■ **Supplied information**:
◆ ◆ ◆ ◆
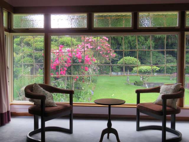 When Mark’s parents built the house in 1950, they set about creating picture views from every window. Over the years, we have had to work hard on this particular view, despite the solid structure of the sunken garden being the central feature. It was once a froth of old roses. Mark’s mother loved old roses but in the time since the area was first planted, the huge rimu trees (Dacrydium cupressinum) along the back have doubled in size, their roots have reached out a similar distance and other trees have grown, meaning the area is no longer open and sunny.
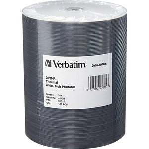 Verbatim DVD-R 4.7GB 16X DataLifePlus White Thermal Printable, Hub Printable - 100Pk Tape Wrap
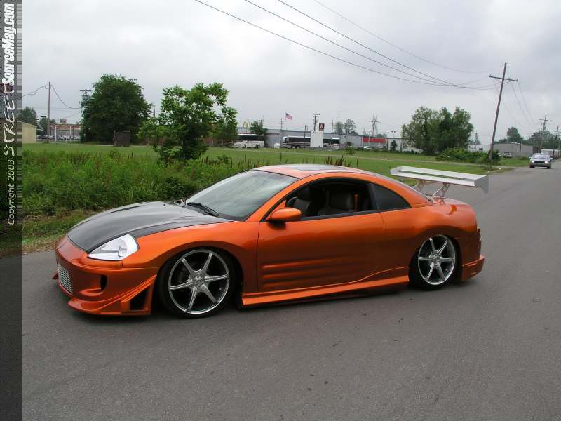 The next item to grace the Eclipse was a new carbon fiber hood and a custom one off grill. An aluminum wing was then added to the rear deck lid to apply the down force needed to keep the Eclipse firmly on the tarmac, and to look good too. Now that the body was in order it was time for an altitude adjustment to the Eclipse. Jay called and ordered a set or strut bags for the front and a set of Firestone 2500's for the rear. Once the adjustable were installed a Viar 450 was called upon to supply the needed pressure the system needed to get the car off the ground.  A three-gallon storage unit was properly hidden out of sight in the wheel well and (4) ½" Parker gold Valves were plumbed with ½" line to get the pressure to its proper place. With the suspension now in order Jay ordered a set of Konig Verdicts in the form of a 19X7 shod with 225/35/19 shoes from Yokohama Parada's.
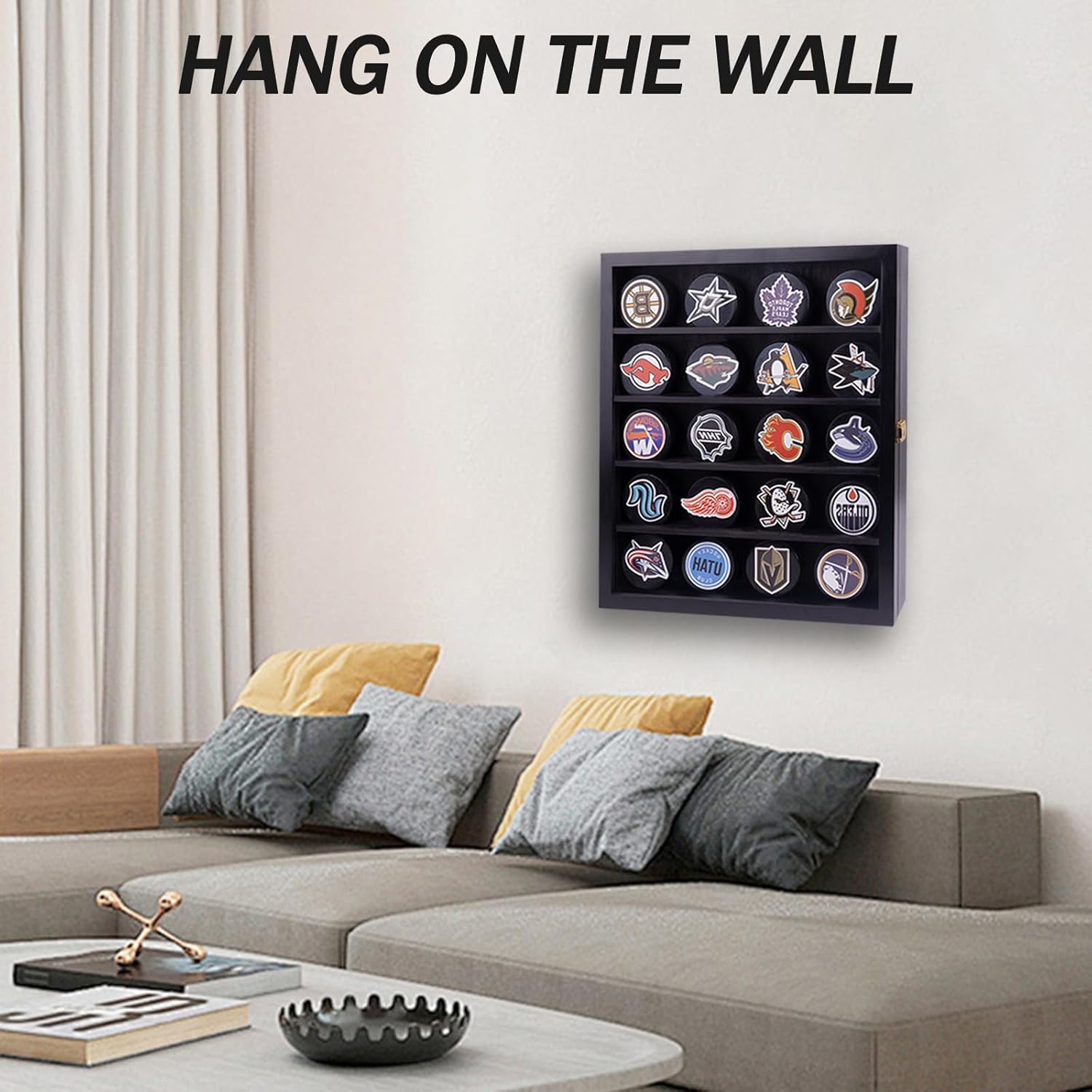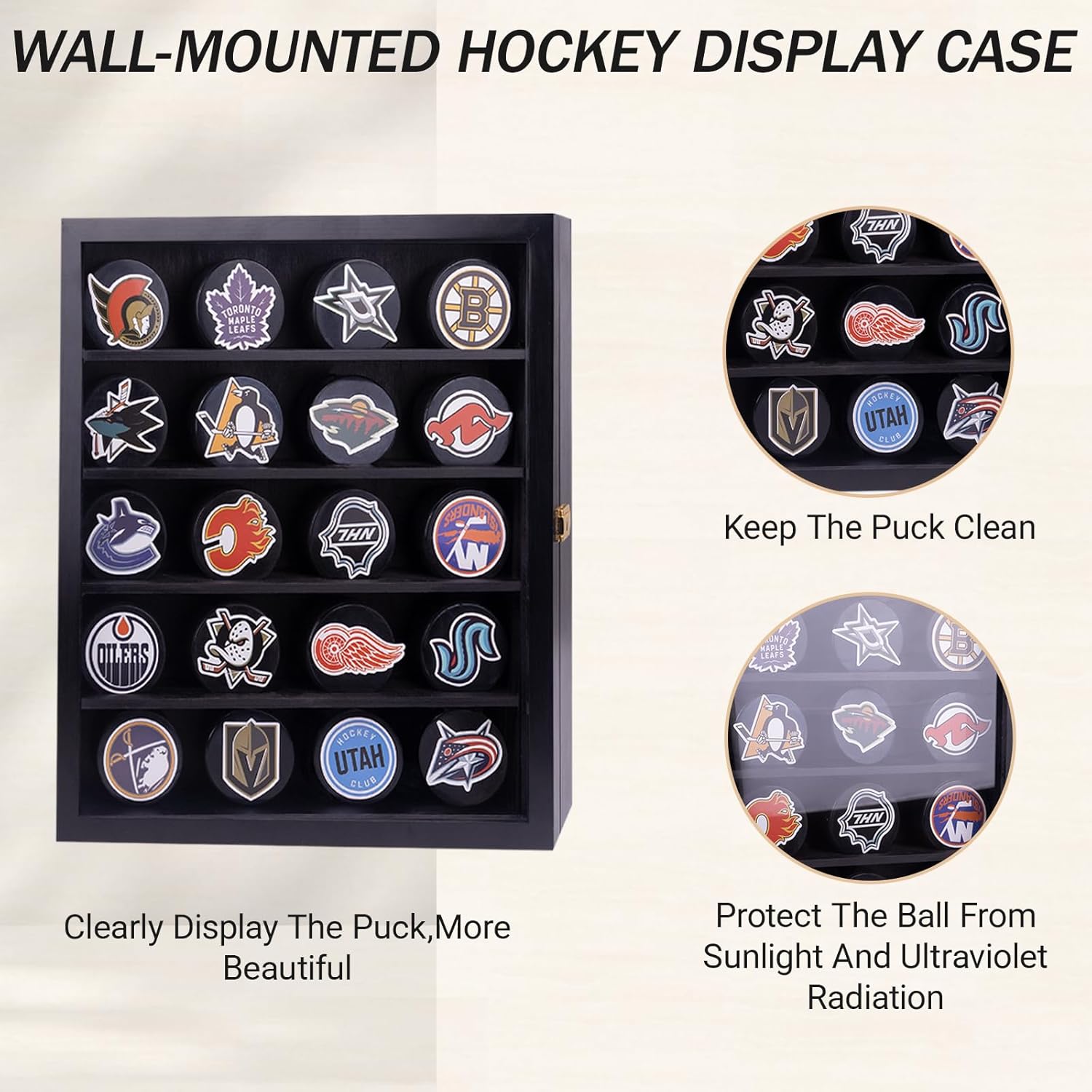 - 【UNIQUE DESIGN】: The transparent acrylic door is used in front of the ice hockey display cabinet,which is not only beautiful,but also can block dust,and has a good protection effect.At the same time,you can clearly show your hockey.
◆ ◆ ◆ ◆
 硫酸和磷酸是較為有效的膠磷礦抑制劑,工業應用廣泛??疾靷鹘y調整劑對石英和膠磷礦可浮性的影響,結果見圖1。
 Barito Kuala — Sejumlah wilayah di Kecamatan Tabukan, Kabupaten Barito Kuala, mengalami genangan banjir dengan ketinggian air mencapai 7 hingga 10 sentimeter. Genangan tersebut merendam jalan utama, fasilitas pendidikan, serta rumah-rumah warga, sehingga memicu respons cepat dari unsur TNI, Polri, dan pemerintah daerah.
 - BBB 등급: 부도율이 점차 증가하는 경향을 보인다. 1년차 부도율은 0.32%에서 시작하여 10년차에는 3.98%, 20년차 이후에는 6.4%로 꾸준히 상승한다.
◆ ◆ ◆ ◆
■ **Problem description**: Once the line with "When Mark’s parents" is found in the data above, reproduce it and each line after it exactly, through the line with "- 【UNIQUE DESIGN】: The". Omit the pictures.

■ **Written response**:
 When Mark’s parents built the house in 1950, they set about creating picture views from every window. Over the years, we have had to work hard on this particular view, despite the solid structure of the sunken garden being the central feature. It was once a froth of old roses. Mark’s mother loved old roses but in the time since the area was first planted, the huge rimu trees (Dacrydium cupressinum) along the back have doubled in size, their roots have reached out a similar distance and other trees have grown, meaning the area is no longer open and sunny.
 Verbatim DVD-R 4.7GB 16X DataLifePlus White Thermal Printable, Hub Printable - 100Pk Tape Wrap
 The next item to grace the Eclipse was a new carbon fiber hood and a custom one off grill. An aluminum wing was then added to the rear deck lid to apply the down force needed to keep the Eclipse firmly on the tarmac, and to look good too. Now that the body was in order it was time for an altitude adjustment to the Eclipse. Jay called and ordered a set or strut bags for the front and a set of Firestone 2500's for the rear. Once the adjustable were installed a Viar 450 was called upon to supply the needed pressure the system needed to get the car off the ground.  A three-gallon storage unit was properly hidden out of sight in the wheel well and (4) ½" Parker gold Valves were plumbed with ½" line to get the pressure to its proper place. With the suspension now in order Jay ordered a set of Konig Verdicts in the form of a 19X7 shod with 225/35/19 shoes from Yokohama Parada's.
 - 【UNIQUE DESIGN】: The transparent acrylic door is used in front of the ice hockey display cabinet,which is not only beautiful,but also can block dust,and has a good protection effect.At the same time,you can clearly show your hockey.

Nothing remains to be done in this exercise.